Write out, word for word, each line from the start of the entries through the one holding "Richgro plus tomato"; omit the pictures.

::::::

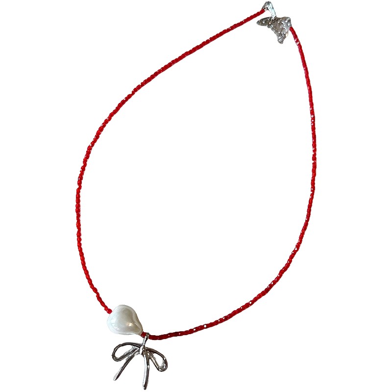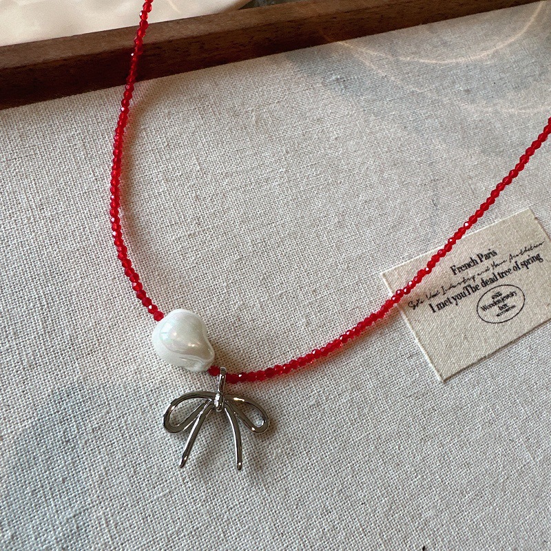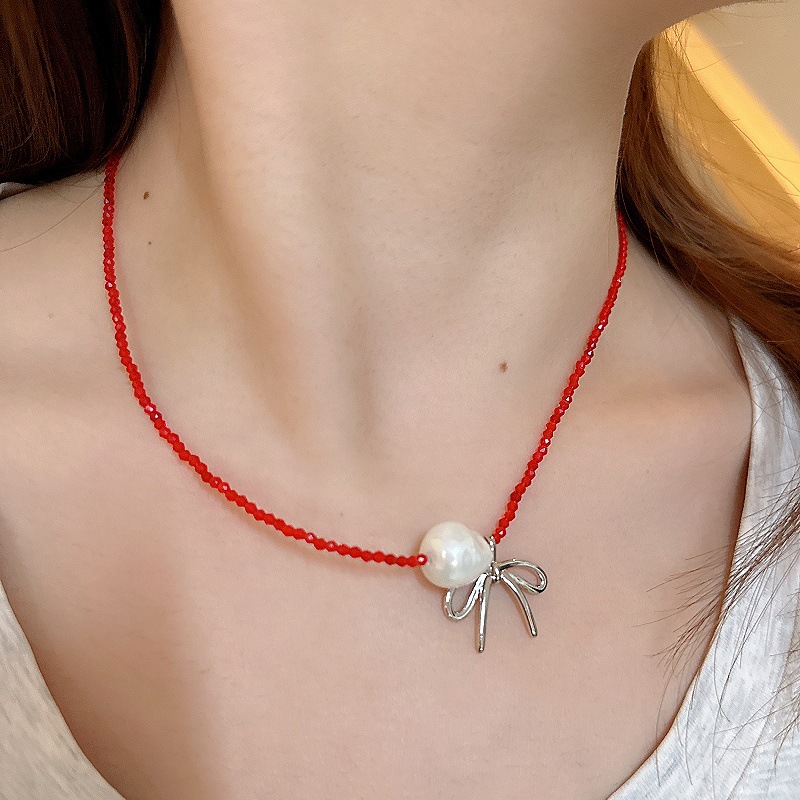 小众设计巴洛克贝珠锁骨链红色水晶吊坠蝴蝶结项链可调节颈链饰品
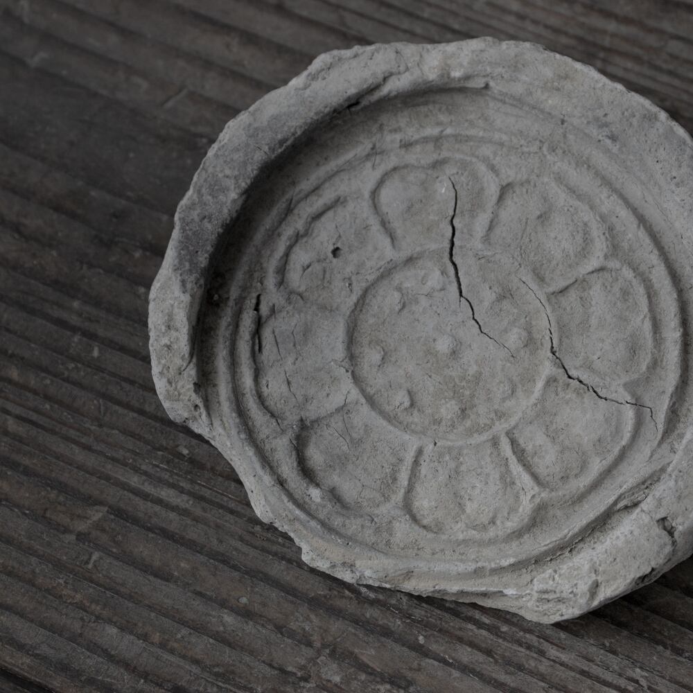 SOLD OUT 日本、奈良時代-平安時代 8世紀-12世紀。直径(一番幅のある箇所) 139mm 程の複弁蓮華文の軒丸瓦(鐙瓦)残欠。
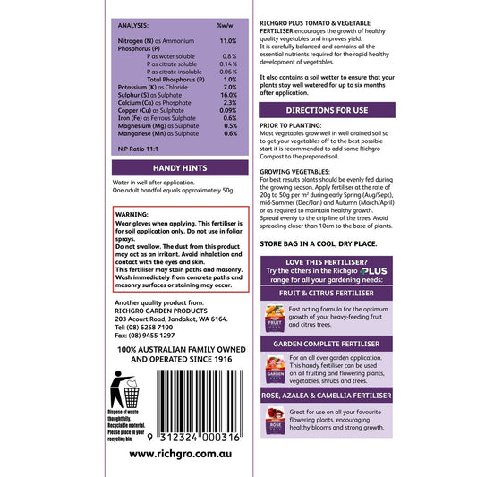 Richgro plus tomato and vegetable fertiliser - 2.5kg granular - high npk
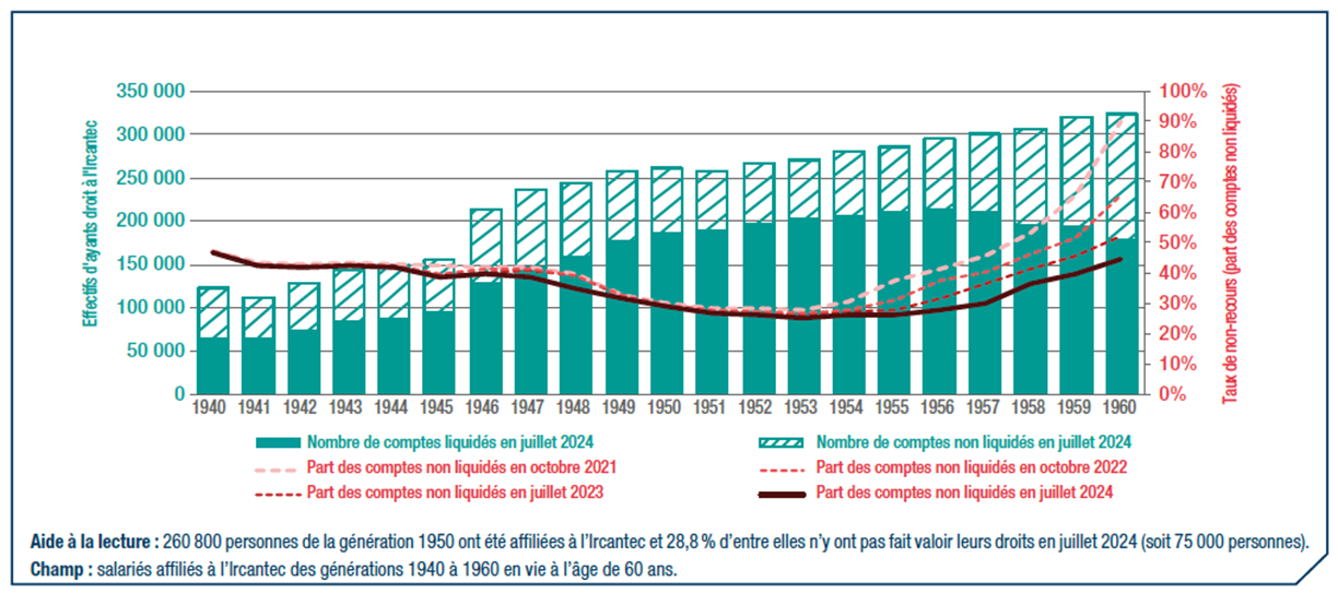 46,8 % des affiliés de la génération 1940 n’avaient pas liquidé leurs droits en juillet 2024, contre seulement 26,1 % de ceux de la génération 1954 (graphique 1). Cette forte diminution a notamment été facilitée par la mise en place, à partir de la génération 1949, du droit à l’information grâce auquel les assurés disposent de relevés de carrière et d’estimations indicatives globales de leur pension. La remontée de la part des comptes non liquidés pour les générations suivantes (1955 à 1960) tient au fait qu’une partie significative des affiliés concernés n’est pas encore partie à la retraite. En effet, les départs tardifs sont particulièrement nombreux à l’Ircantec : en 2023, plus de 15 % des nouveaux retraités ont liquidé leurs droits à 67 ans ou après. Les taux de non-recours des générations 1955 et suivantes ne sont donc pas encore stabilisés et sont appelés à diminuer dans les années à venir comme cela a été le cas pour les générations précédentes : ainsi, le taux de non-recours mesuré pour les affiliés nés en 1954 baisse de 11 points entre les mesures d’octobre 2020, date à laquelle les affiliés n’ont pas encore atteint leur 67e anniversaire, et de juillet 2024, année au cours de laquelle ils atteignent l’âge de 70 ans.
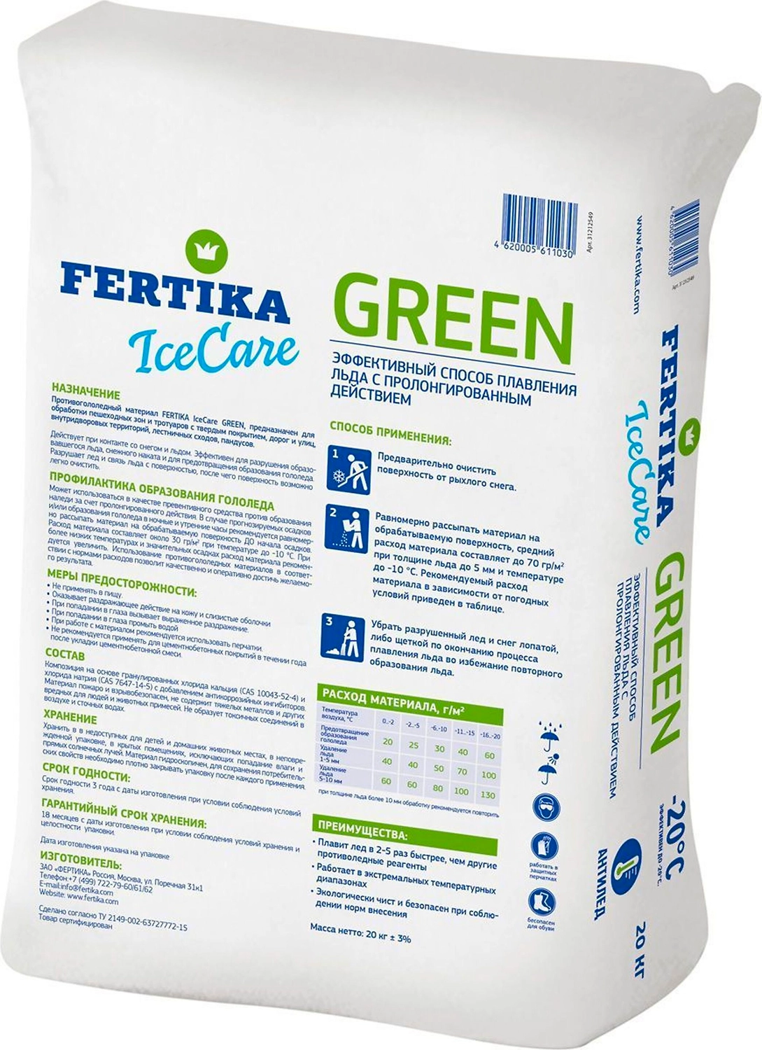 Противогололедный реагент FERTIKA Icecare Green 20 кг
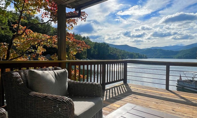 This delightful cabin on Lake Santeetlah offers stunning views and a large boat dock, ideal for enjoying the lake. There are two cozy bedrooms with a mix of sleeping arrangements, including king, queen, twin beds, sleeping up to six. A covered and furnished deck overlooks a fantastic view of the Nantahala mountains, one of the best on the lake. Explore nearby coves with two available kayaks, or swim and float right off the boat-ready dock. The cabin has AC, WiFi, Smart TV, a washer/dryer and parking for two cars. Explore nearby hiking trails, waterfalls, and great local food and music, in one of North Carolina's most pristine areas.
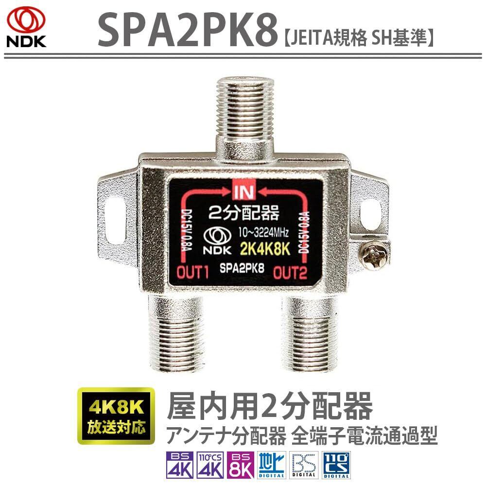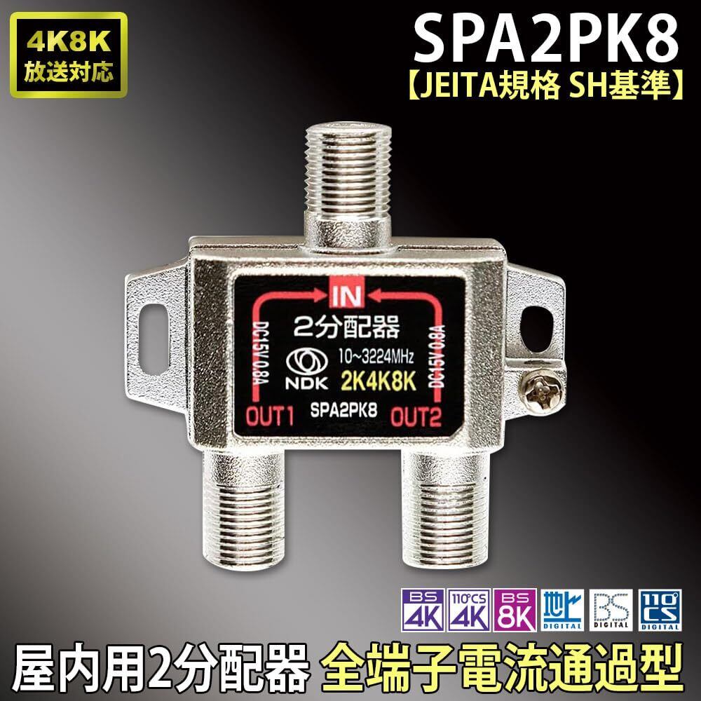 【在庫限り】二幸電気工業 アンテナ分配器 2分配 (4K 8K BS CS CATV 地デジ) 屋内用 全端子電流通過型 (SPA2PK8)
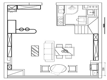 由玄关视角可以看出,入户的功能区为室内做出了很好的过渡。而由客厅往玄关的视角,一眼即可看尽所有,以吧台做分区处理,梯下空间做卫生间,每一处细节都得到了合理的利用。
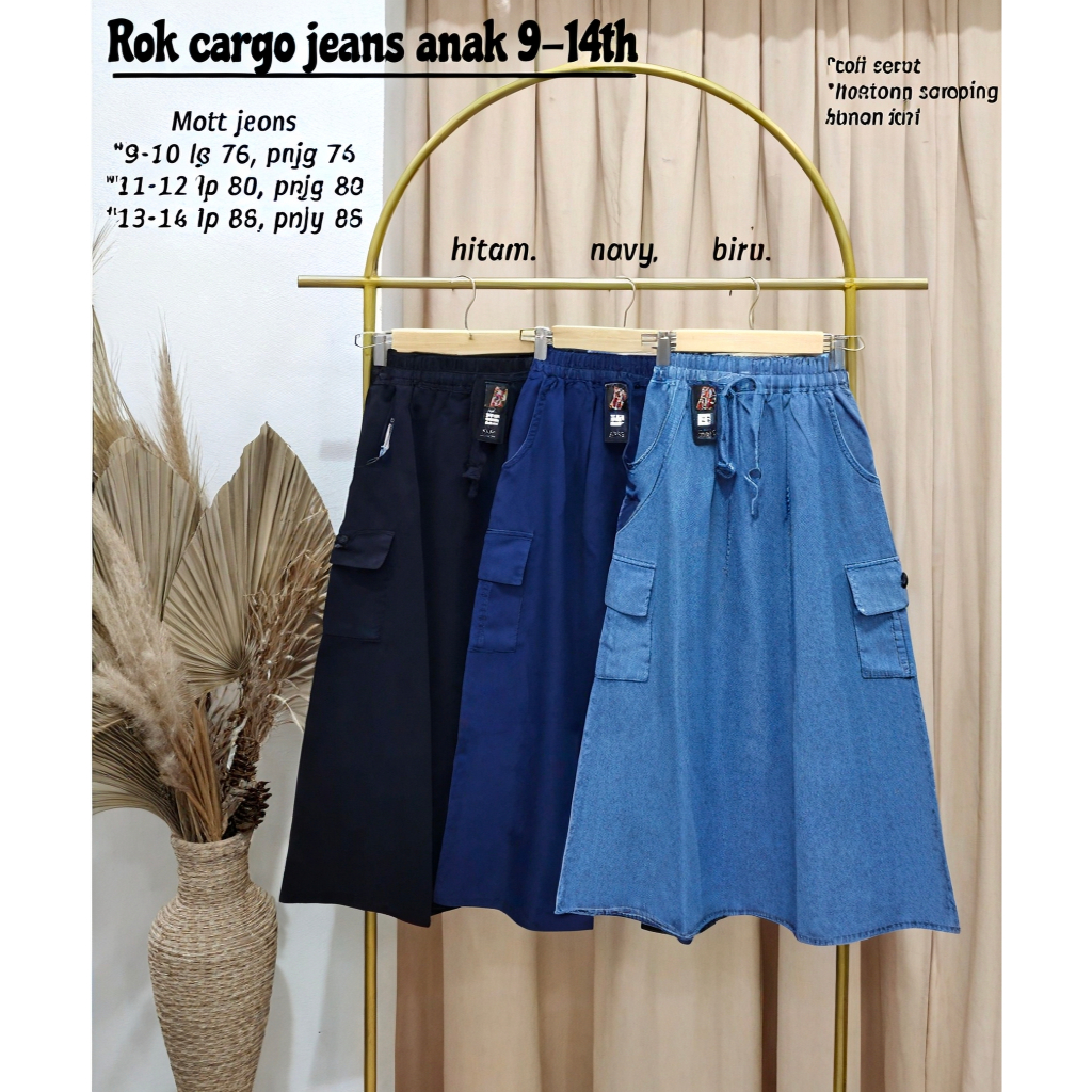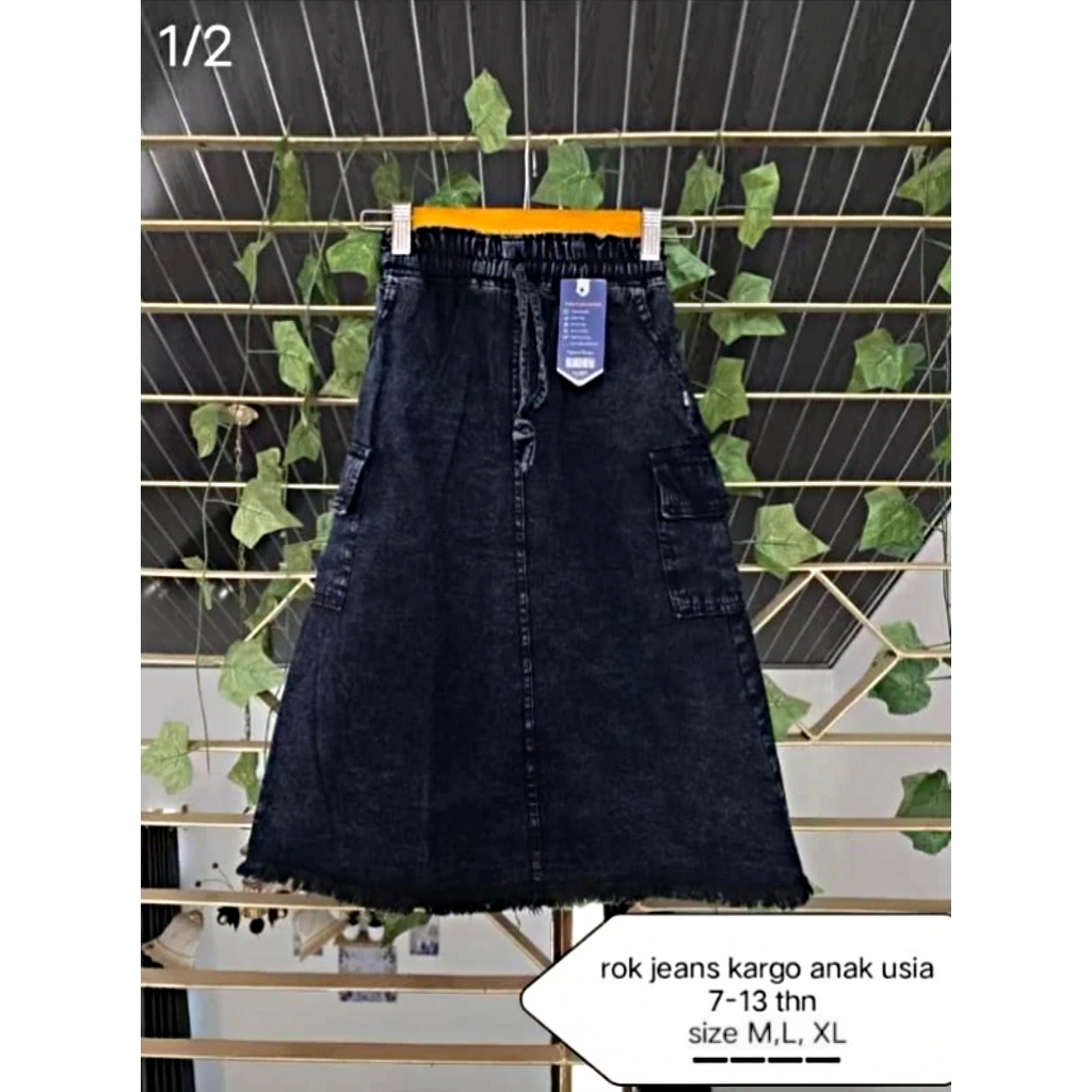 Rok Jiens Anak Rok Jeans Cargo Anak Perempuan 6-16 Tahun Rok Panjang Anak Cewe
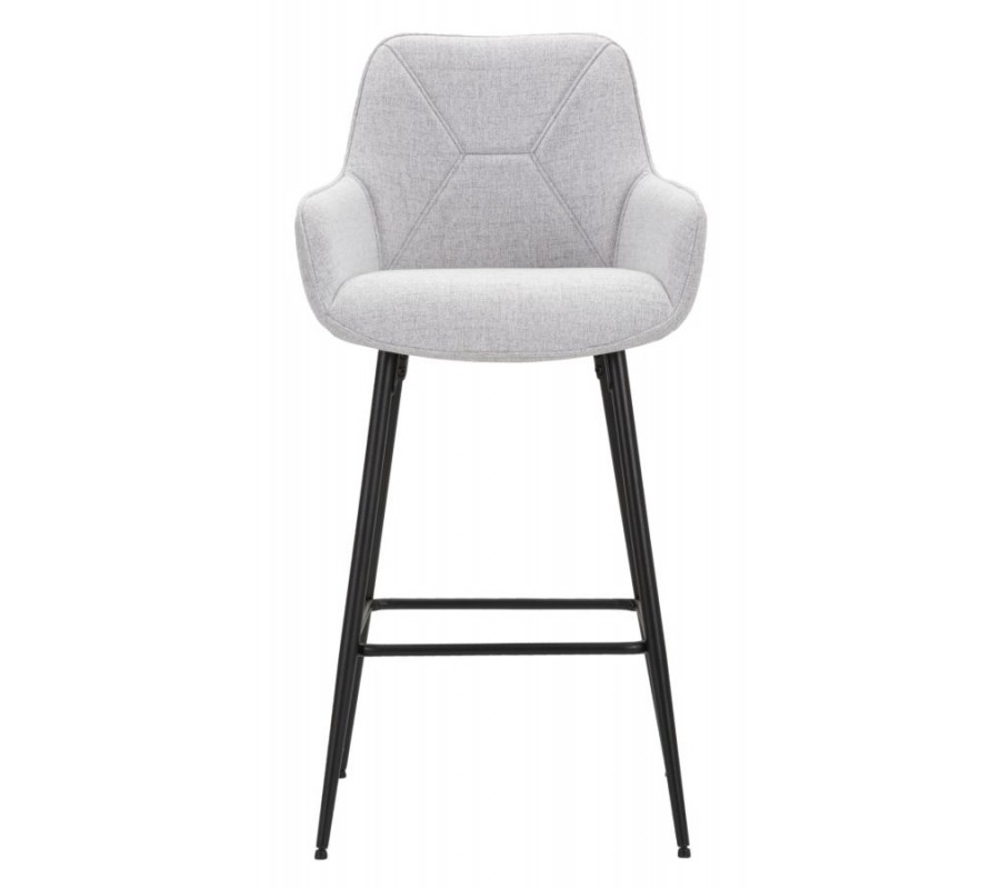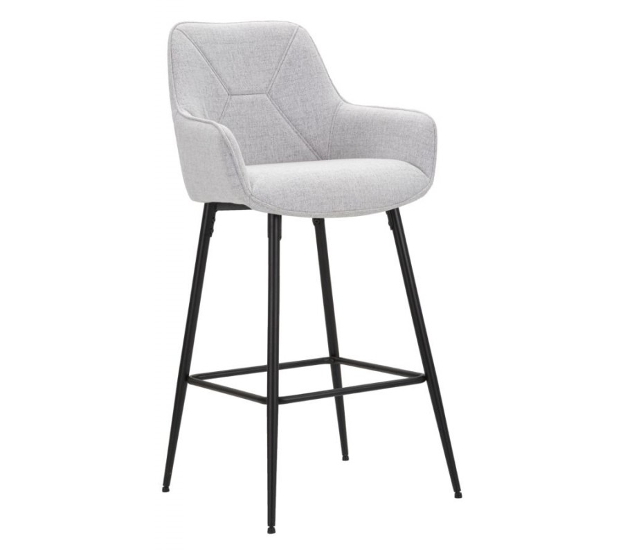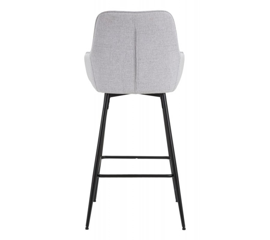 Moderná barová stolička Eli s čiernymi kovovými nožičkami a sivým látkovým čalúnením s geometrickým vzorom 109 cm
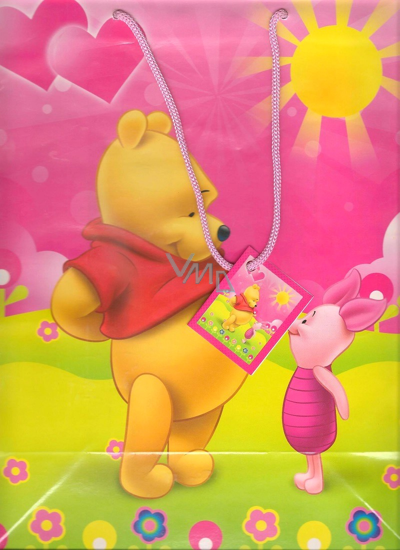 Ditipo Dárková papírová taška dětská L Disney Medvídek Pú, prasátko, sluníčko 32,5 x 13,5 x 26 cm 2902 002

::::::

- _Result of this task_:
 小众设计巴洛克贝珠锁骨链红色水晶吊坠蝴蝶结项链可调节颈链饰品
 SOLD OUT 日本、奈良時代-平安時代 8世紀-12世紀。直径(一番幅のある箇所) 139mm 程の複弁蓮華文の軒丸瓦(鐙瓦)残欠。
 Richgro plus tomato and vegetable fertiliser - 2.5kg granular - high npk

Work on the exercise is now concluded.